You probably got the memo that pasta bars are top of the pops. There’s Tipo 00, of course, where wannabe diners clog up the footpath of Little Bourke at all hours of the day and night. There’s newcomer Pentolina on Little Collins Street, where Pugliese-style pasta is served by a longtime Pellegrini’s barista. And there’s Lello, which earlier this year received a smart renovation and a name change without throwing the bambino out with the bathwater.
It’s where you’ll find chef Leo Gelsomino, who put Richmond’s the Grand on the Italian food map before moving to Yak on the corner of Exhibition and Flinders Lane in 2011. A recent renovation introduced some Home Beautiful-style wainscoting, arty pictures on the walls, banquettes and bentwood chairs. Along with the name change it’s enough to appease the dining gods of 2018, although at its heart Lello, née Yak, remains a convivial and uncomplicated place that tastes like the regions of Italy you’ve never been to.
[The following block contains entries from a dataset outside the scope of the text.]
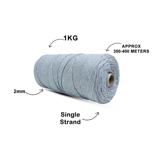 5mm Single Strand | Steel Grey | Approx 100 Metres | 1kg Spool | Cotton
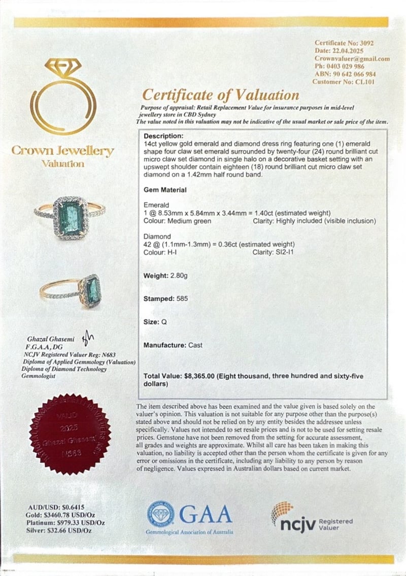 14CT YELLOW GOLD EMERALD CUT EMERALD AND DIAMOND RINGE = 1.40Ct D = 0.36CtVal #3092Condition: Good - Refer To ImagesThis valuation has been conducted by an independent third-party professional. The valuation amount is an assessment by the issuing valuer and does not reflect the auction value of the item.Any inquiries regarding the valuation should be directed to the issuing valuer (refer to contact details on the certificate), as Lloyds Auctions has no affiliation or influence over the valuation, the valuer, or the stated amount.Insurance Replacement Valuation Amount: $8,365.00488487+93
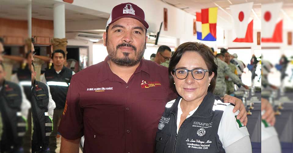 González, Tamaulipas. - El presidente Municipal de González, Dr. Miguel Alejandro Zúñiga Rodríguez, participó hoy en la cuarta reunión de trabajo para la seguridad y recuperación de la región sur de Tamaulipas celebrada en Ciudad Madero. El encuentro contó con la presencia de la Coordinadora Nacional de Protección Civil, Lic. Laura Velázquez Alzúa, y el Gobernador de Tamaulipas, Dr. Américo Villarreal Anaya, junto a alcaldes de Tampico, Madero y Altamira así como autoridades de la SEDENA, Secretaría de Marina, Secretaría de Recursos Hidráulicos, CONAGUA y Protección Civil Estatal. Lo anterior para fortalecer las acciones de apoyo tras el impacto de la Tormenta Tropical Barry.
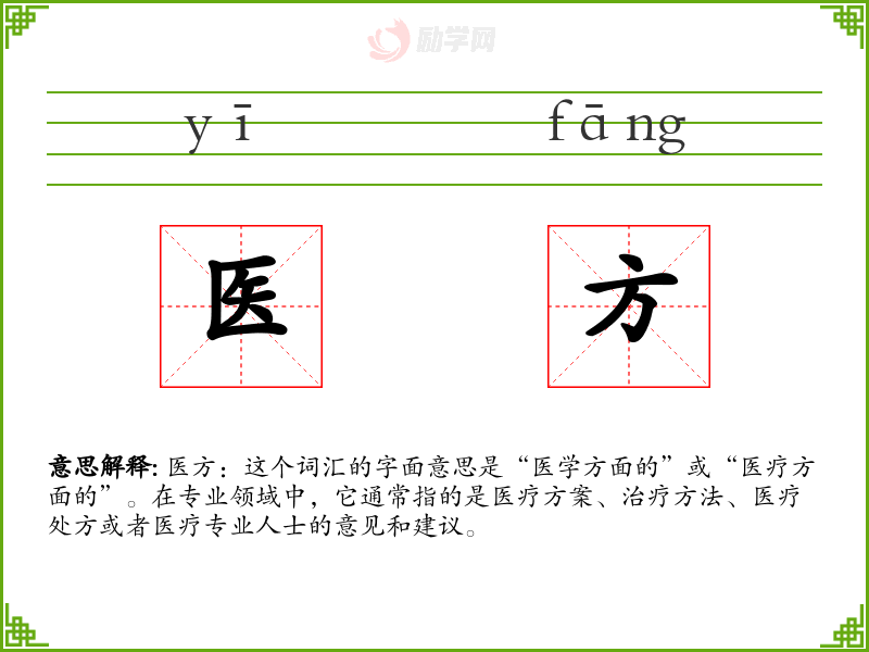 医方:这个词汇的字面意思是“医学方面的”或“医疗方面的”。在专业领域中,它通常指的是医疗方案、治疗方法、医疗处方或者医疗专业人士的意见和建议。

Lello might be taking the pasta road less travelled but the church is much the same: excellent produce, intensive kitchen labour, and the added X-factor to put it in the pantheon of Melbourne’s noteworthy Italians. Apparently some people don’t like to know the exact contents of the vincigrassi, Lello’s signature dish. This lasagne from the Marche region bills the beef ragù, béchamel and parmesan on the menu but the unsung heroes are the veal sweetbreads and brains that add subtle richness to the slow-cooked beef shoulder. The pasta sheets are another thing: using a special, toasty wheat imported from Puglia, they add nuance and complexity to something far removed from the over-sauced Aussie-Italian versions of lasagne.
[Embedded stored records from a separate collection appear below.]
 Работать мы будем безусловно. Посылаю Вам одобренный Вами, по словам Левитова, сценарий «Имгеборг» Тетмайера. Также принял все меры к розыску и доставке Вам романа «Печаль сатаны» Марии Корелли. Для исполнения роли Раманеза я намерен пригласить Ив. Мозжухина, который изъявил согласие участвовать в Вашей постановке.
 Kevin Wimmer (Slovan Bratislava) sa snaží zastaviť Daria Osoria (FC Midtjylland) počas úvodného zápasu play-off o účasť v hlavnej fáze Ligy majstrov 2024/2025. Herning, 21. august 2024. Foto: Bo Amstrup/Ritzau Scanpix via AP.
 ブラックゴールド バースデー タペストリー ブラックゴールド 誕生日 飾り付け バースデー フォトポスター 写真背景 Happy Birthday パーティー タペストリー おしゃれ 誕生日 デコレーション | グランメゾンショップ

The eight-strong pasta list includes chestnut flour casarecce with wild mushrooms and stracciatella for the gluten-free crowd, and culurgiones, the chubby Sardinian love child of a dumpling and raviolo. These puckered little pouches hold a smooth mix of potato with hints of lemon and mint; the “sauce” comes via blanched broccoli florets with a dash of coloratura (an umami-rich anchovy sauce) with toasted almonds for crunch. Good? Si, although probably best ordered as a shared entrée rather than a jealously guarded main
The horizons do go beyond pasta. A rugged plate of calamari barbecued around rosemary sprigs with an anchovy and caper-driven salsa verde is the kind of thing served up near the Sicilian seaside every day. The artichoke – poached in white wine then fried so it fans out like a pinecone – nods to Roman-Jewish traditions with a thickened egg and lemon sauce with pecorino punch. It has no need of the liquorice brioche crisps, a cheffy step too far amid Lello’s paean to the peasantry – unlike the cannoli, which would pass the Sicilian nonna test.
The waiters aren’t all Italian (farewell, the 457 visa) but uniformly have their dial set to customer-pleasing. They’re happy to give a splash of Piedmontese Gavi or Glenrowan trebbiano before any commitments are made. It just goes to show, maybe being Italian is just as much a state of mind as it is a name. Goodbye, Yak. Hello Lello.